**Task to complete**.
Using the data below, reproduce exactly the lines from the line with "Rock away the" to the line with "Singapore, the Esplanade", both included; pictures must be dropped.

<<<<

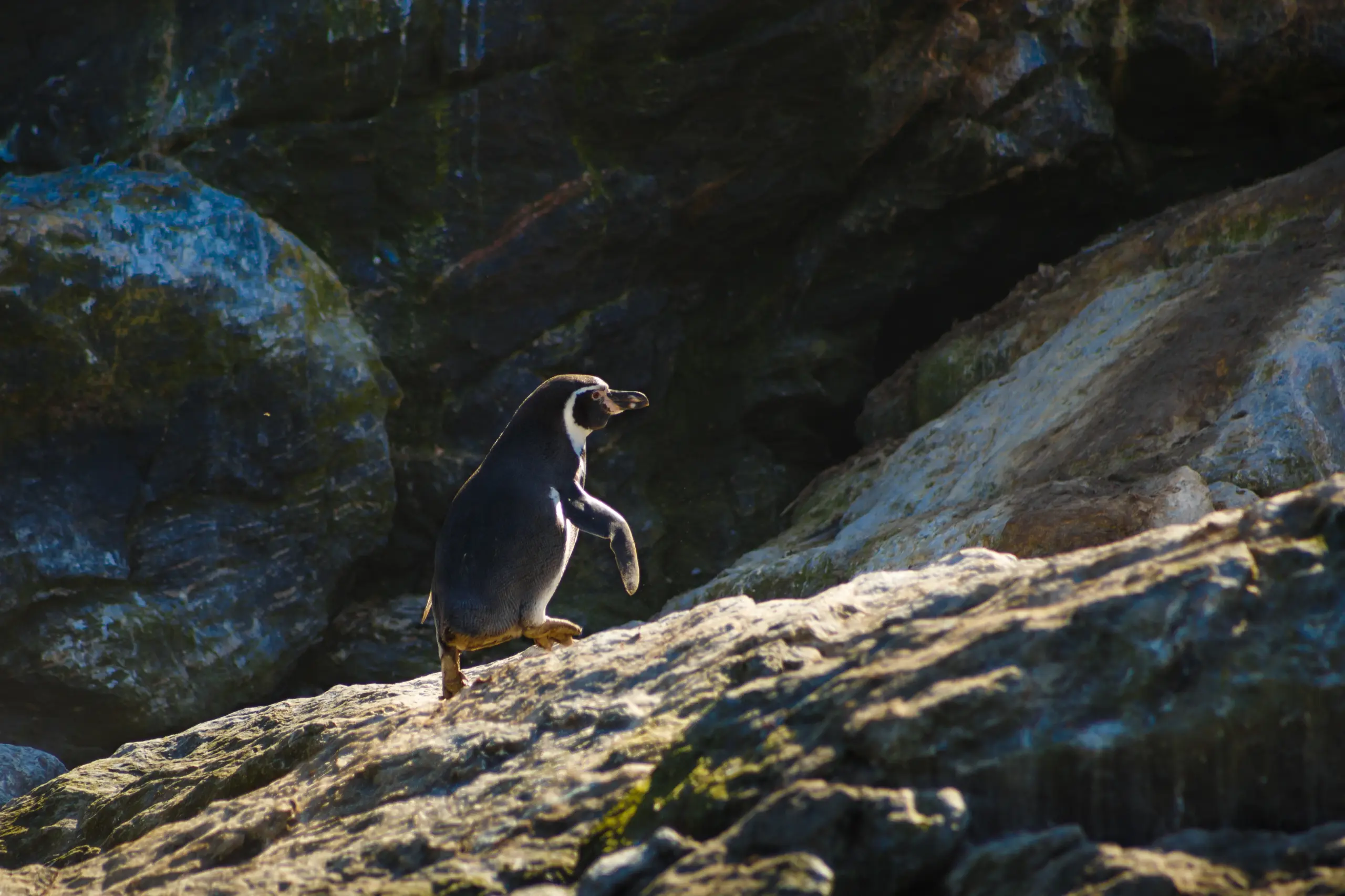 Un ave camina por la Reserva Nacional Pingüino de Humboldt, especie protegida y símbolo de la fauna marina del país.
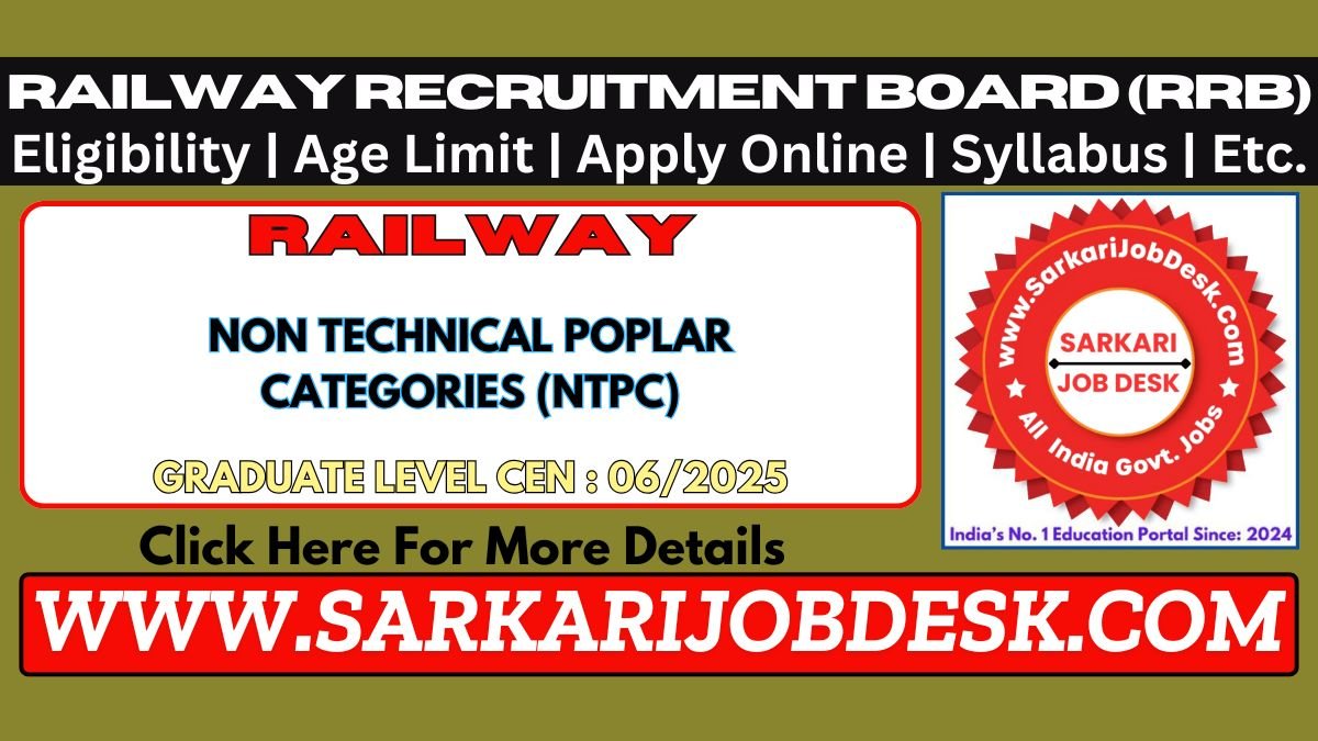 Railway Recruitment Board (RRB)Railway RRB NTPC Graduate Level Exam 2025RRB NTPC Graduate Level Advt No.: CEN 06/2025 : Short Details of NotificationWWW.SARKARIJOBDESK.COM |
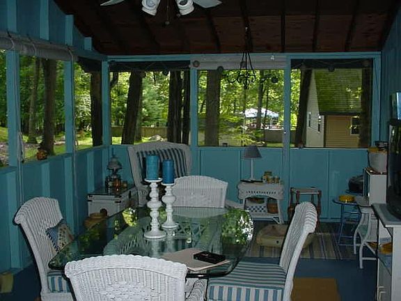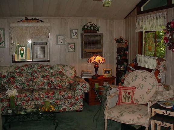 Rock away the evening on the covered front porch or the large screened back porch! This "Panorama Ranch" w/vaulted ceiling over the LR & EIK also has 2BRs, bath & has been lovingly maintained by one owner for the last 35yrs. On a quiet cul-de-sac, w/central water, propane heat & all the amenities of the community. You can move right in! Sq. ft. is approx.
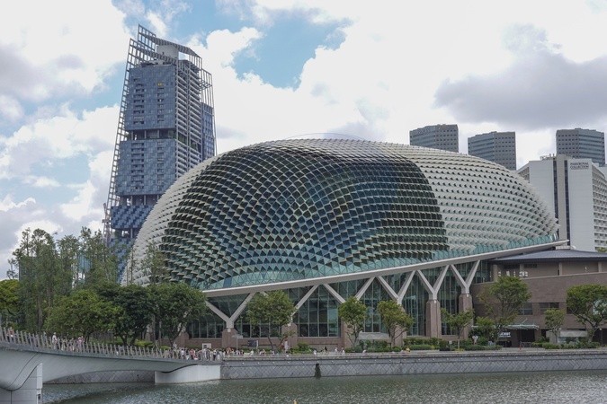 Singapore, the Esplanade Theatres on the Bay nicknamed as The Durian is a performing arts centre, it consists of two rounded structures: one housing a concert hall with about 1,600 seats; and the other a theatre with a capacity of about 2,000 for the performing arts., Credit:Fabio Mazzarella / Avalon
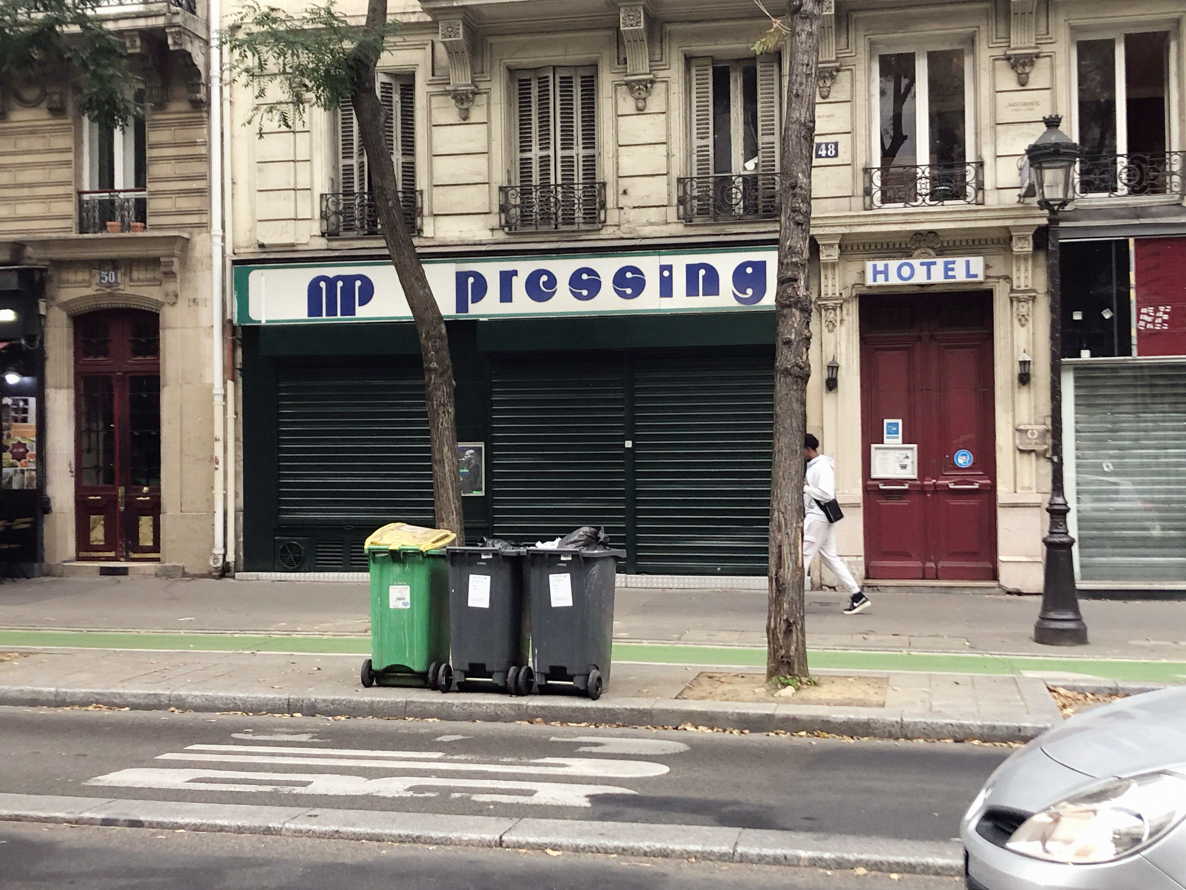 MP – of course! When I spotted this shop front I figured it was “Mr Pressing”.

>>>>

**Problem solution**.
 Rock away the evening on the covered front porch or the large screened back porch! This "Panorama Ranch" w/vaulted ceiling over the LR & EIK also has 2BRs, bath & has been lovingly maintained by one owner for the last 35yrs. On a quiet cul-de-sac, w/central water, propane heat & all the amenities of the community. You can move right in! Sq. ft. is approx.
 Singapore, the Esplanade Theatres on the Bay nicknamed as The Durian is a performing arts centre, it consists of two rounded structures: one housing a concert hall with about 1,600 seats; and the other a theatre with a capacity of about 2,000 for the performing arts., Credit:Fabio Mazzarella / Avalon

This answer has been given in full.